--- START ---
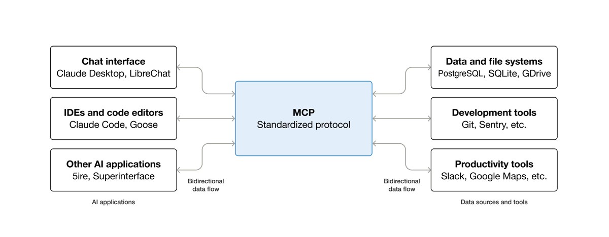 AI应用或智能体: MCP让它们能接入一整个生态系统的数据源、工具和应用,功能更强大,用户体验也更好
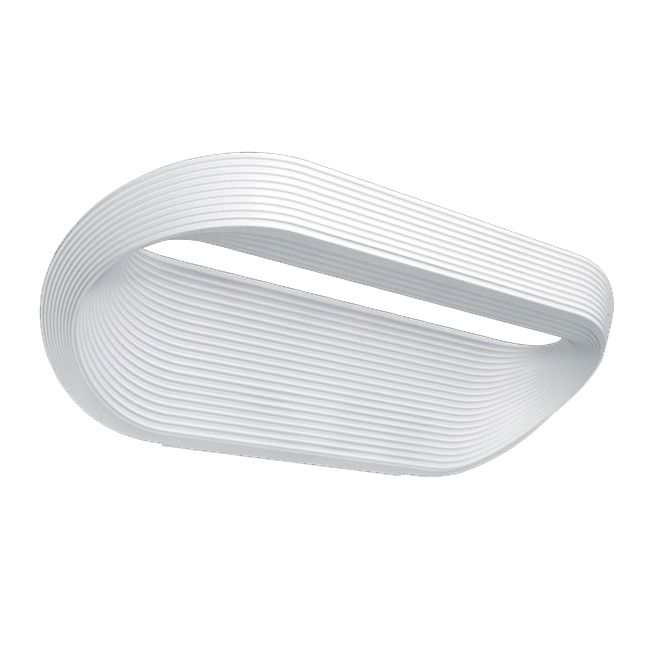 LED wall lamp with dimmer for interiors, providing indirect light. A shiny sequence of ripples, each one breaking on the next, enclosed in a white ring. Bright rays of light and a line of shadow are projected onto the wall and ceiling, reiterating the lamp’s design in the room.
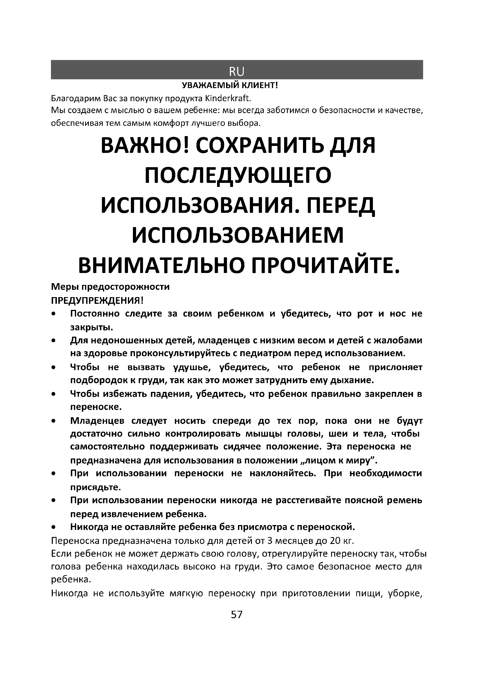 УВАЖАЕМЫЙ КЛИЕНТ! Благодарим Вас за покупку продукта Kinderkraft. Мы создаем с мыслью о вашем ребенке: мы всегда заботимся о безопасности и качестве, обеспечивая тем самым комфорт лучшего выбора. ВАЖНО! СОХРАНИТЬ ДЛЯ ПОСЛЕДУЮЩЕГО ИСПОЛЬЗОВАНИЯ. ПЕРЕД ИСПОЛЬЗОВАНИЕМ ВНИМАТЕЛЬНО ПРОЧИТАЙТЕ. Меры предосторожности ПРЕДУПРЕЖДЕНИЯ!
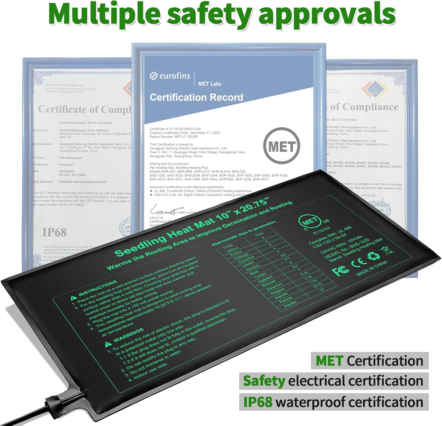 - 【MET STANDARD AND HIGH QUALITY】:Bestio seedling heat mat has MET certification and IP67 waterproofing,which is more secure and reliable.It is against splashes, showers and sprays and also easy to clean by rinsing and wiping.
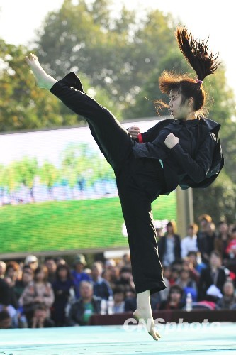 11月4日,作为“2009中国杭州·韩国文化周”主要项目之一的韩国跆拳道表演活动在浙江杭州西湖边的涌金广场上举行,来自韩国著名跆拳道团队K-tigers(韩国虎)的40余名青少年跆拳道高手以跆拳道、极限运动、街舞、情景剧等多种表演形式,对传统体育项目进行了现代、时尚的演绎,展示了韩国体育文化的独特魅力。
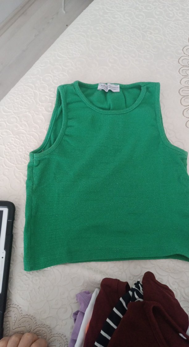 Parlak yeşil renkte, kolsuz ve yumuşak dokulu kadın crop
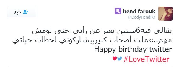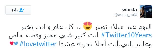 Warda –: “اليوم عيد ميلاد تويتر، كل عام وأنت بخير #Twitter10Years إنت كتير شي مميز وفضاء خاص وعالم تاني، أنت أحلى تجربة عشتها”.
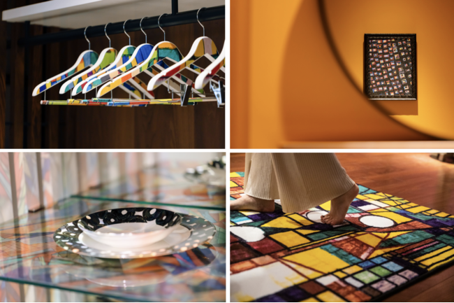 知的障害のあるアーティストが生み出す、異彩を放つアートの力で、訪れるゲストの方々の感性を刺激し、新たな視界や価値観が生み出される宿泊体験を通じて、豊かな気持ちを味わっていただけるようなコンセプトルームをスタンダード、スイートの各タイプで両社が手掛け、乃村工藝社に空間デザイン・施工協力いただきました。期間中、各室一日一組限定でご宿泊いただける特別な客室で、異彩を放つアートをさまざまな素材・手法で取り入れ、「ヘラルボニー」の世界観を楽しめるインテリアに加え、手に取ってご使用いただけるアイテムのセレクトにもこだわり、空間全体を演出します。
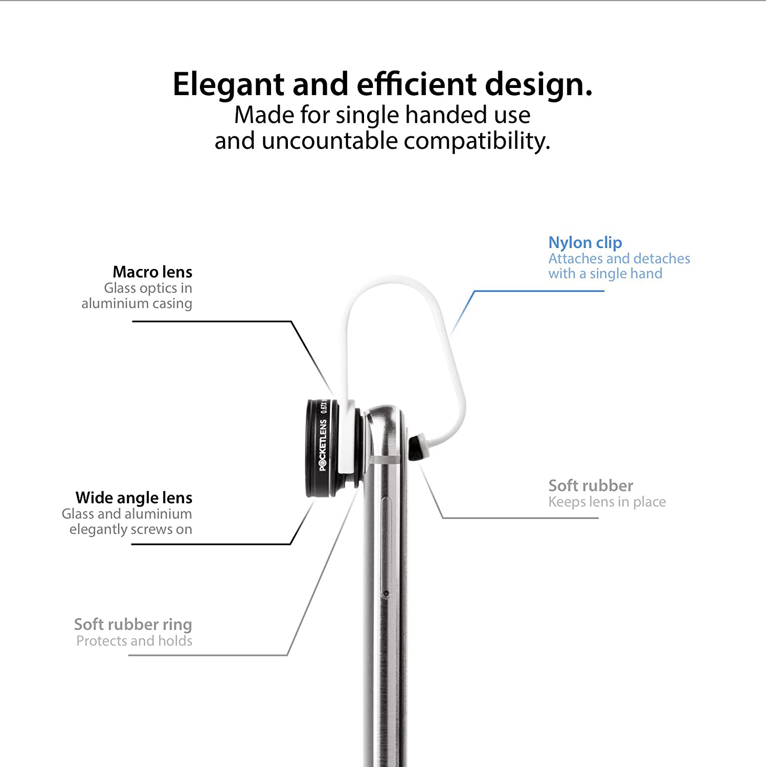 PocketLens 2-in-1 Macro & Wideangle iPhone Camera Lens, Universal Smartphone Accessories for Photography Enthusiasts
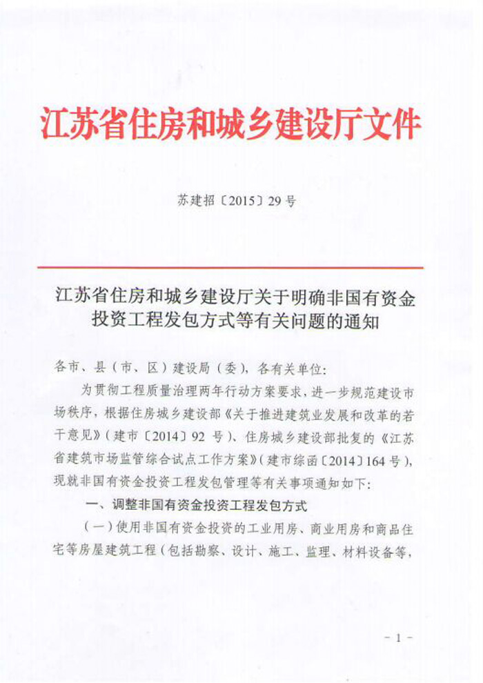 江蘇省住房和城鄉(xiāng)建設(shè)廳關(guān)于明確非國有資金投資工程發(fā)包方式等有關(guān)問題的通知
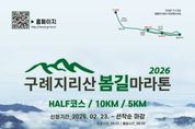 (시사미래신문) 전남 구례군은 아름다운 자연환경을 배경으로 한 ‘제1회 구례 지리산봄길 마라톤대회’가 오는 5월 2일 구례공설운동장에서 개최된다고 밝혔다. 이번 대회는 오마이뉴스 광주전라본부와 구례군육상연맹이 주최·주관하고 구례군이 후원하는 행사로 마라톤 종목 저변 확대와 구례 지역 홍보를 위해 마련됐다. 대회종목은 하프코스(21.0975km), 10km, 5km 총 3개 부문이다. 참가자들은 오전 8시 30분부터 순차적으로 출발해 지리산의 봄 풍경을 따라 달리게 된다. 참가 신청은 2월 23일부터 공식 홈페이지를 통해 접수를 시작하며, 모집 인원 4,000명 선착순으로 마감된다. 또한 원활한 대회 운영을 위해 자원봉사자도 함께 모집한다. 구례군 관계자는 “제1회 대회인 만큼 참가자 모두가 만족할 수 있도록 지원을 아끼지 않겠다”며 “지역 주민과 전국의 참가자들이 함께 어우러지는 건강과 문화의 축제로 자리매김하길 바란다”고 말했다.
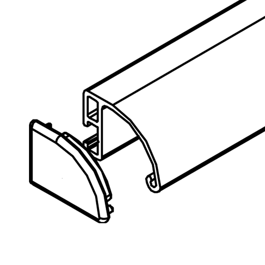 Pokrov levega profila ročaja. Plastični zaključni pokrov za zaščito robov alu profilov. Enostavna montaža, zanesljiva zaščita.
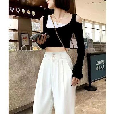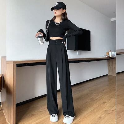 新作 夏の スーツジ ワイドパンツ 日韓 スリム見え 薄手 ハイウエスト レディース スーツジ ワイドパンツ高級感 ストレート オールマッチスラックスひんやりボトムス
--- END ---
Within the listing above, the lines from the one with "江蘇省住房和城鄉(xiāng" through the one with "(시사미래신문) 전남 구례군은" are to be given again word for word. Do not include pictures.

### RESULT
 江蘇省住房和城鄉(xiāng)建設(shè)廳關(guān)于明確非國有資金投資工程發(fā)包方式等有關(guān)問題的通知
 (시사미래신문) 전남 구례군은 아름다운 자연환경을 배경으로 한 ‘제1회 구례 지리산봄길 마라톤대회’가 오는 5월 2일 구례공설운동장에서 개최된다고 밝혔다. 이번 대회는 오마이뉴스 광주전라본부와 구례군육상연맹이 주최·주관하고 구례군이 후원하는 행사로 마라톤 종목 저변 확대와 구례 지역 홍보를 위해 마련됐다. 대회종목은 하프코스(21.0975km), 10km, 5km 총 3개 부문이다. 참가자들은 오전 8시 30분부터 순차적으로 출발해 지리산의 봄 풍경을 따라 달리게 된다. 참가 신청은 2월 23일부터 공식 홈페이지를 통해 접수를 시작하며, 모집 인원 4,000명 선착순으로 마감된다. 또한 원활한 대회 운영을 위해 자원봉사자도 함께 모집한다. 구례군 관계자는 “제1회 대회인 만큼 참가자 모두가 만족할 수 있도록 지원을 아끼지 않겠다”며 “지역 주민과 전국의 참가자들이 함께 어우러지는 건강과 문화의 축제로 자리매김하길 바란다”고 말했다.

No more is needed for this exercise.